The Labyrinthian World of (Fake) Book Reviews

I must admit that, as an author with nine books and two novellas under my belt, sometimes I feel like one of those poor souls, standing on the side of the road, holding up a sign that reads: Will Write for Reviews.

And just like in that scenario, most people just stare ahead, not wanting to make eye contact, as they wait for the light to change. I think that is the way it feels for many writers, pleading with their readers to just spare a minute of their time to give a review, but why is it so damn important?

Well, here is a shining example:


What you are looking at is ‘legalized’ cheating. This is just one of the many sites that will ‘help’ authors quickly obtain an unearned bestseller status for the right price.

To break it down: If you are a writer, with a bunch of disposable cash, you can legitimately buy your way onto the Amazon bestseller list. Admittedly, this is a pretty shady way of doing business, and something that is ‘frowned upon’ by Amazon, but it is technically not a violation of their policies. Ironically, they will allow authors to ‘buy reviews’ from strangers, but an earnest review left by someone they deem to be a family member will be immediately purged. Go figure.

Unfortunately, I don’t know that many self-published authors who have that kind of money lying around, so those looking to utilize this method are generally already successful enough to justify this expenditure or have a publisher willing to aggressively push a product.

Consider for a moment this little scenario:


I, like most authors I know, would kill for those numbers, but let’s dig a little deeper here for a moment. The author attributed to this amazing rank status has just ONE previously published book under their belt and that novel has clocked in exactly 39 reviews. However, their second book, which is the one represented in all those coveted #1 and #2 spots, has racked up an amazing 323 reviews, but it hasn’t even been released yet. Yes, you read that correctly; the author’s second book, which has taken the top spots on several lists, is not even available yet.  You do the math and see how that adds up.

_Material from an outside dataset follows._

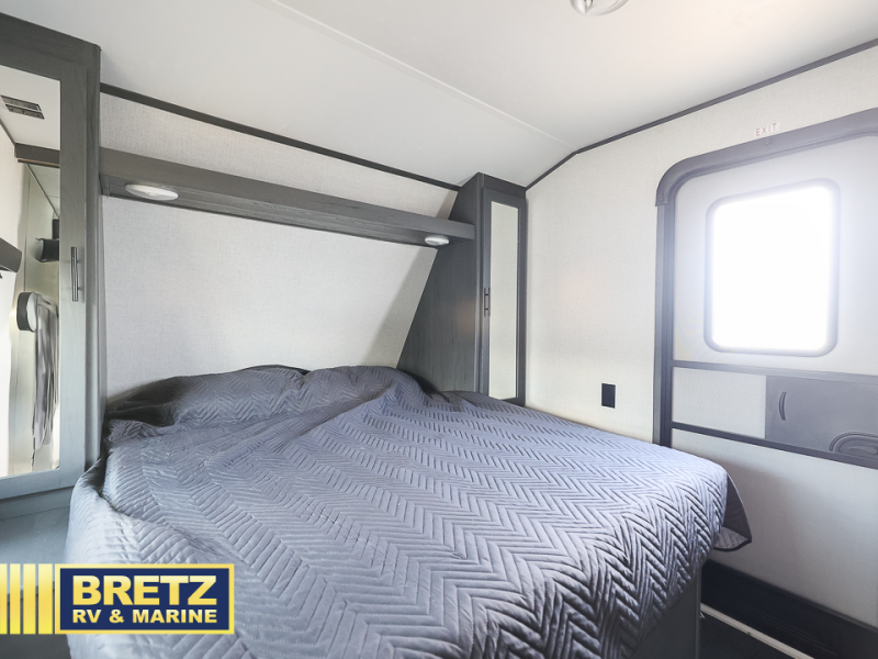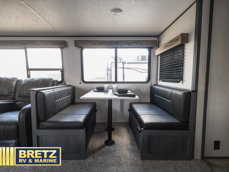 Pack up your gear and head out on your greatest camping adventure with this Aspen Trail travel trailer! You will love everything it has to offer, like the two entry doors that promote a smooth flow of traffic, the recliner chairs, and the sofa with end tables on either side. The booth dinette is the perfect place for you to enjoy your meals, play games, and even transform into an extra sleeping space. The front private bedroom welcomes you with a queen-size Everdream mattress to enjoy a good night's rest and even has a wardrobe for you to keep your hang-up clothes neat and tidy!

I’d like to say this is an aberration, but it is not. Getting onto any bestseller list, especially if it is the New York Times or USA Today, is the goal of all authors. It is the literary world’s equivalent of the Super Bowl or World Series, but it is unfortunately very, very skewed and can be manipulated.

Take for instance the curious case of: Handbook for Mortals, written by Lani Sarem. This debut book emerged in early August 2017 and that very same month shot to #1 on the NYT Bestseller List, knocking off a well-established book that had previously held that spot. To say this was a considerable feat would be a gross understatement; especially considering this was not only Ms. Sarem’s first novel, but it was also the first novel from her publisher; which is exactly why it raised so many eyebrows.

So how did this happen?

Well, they apparently identified and exploited a weak link. According to the folks within the Young Adult genre, who immediately began investigating this issue, they found some serious inconsistences / anomalies within the book sales. After speaking to representatives from book stores, they concluded that someone had pre-arranged for large purchases of the book through various sellers they knew reported sales to the NYT.  Effectively, they purchased their way onto the NYT Best Seller List. The author / publisher denied this, but the NYT subsequently pulled the book from their list. Unfortunately, traditional publishing houses have been doing this for a very long time.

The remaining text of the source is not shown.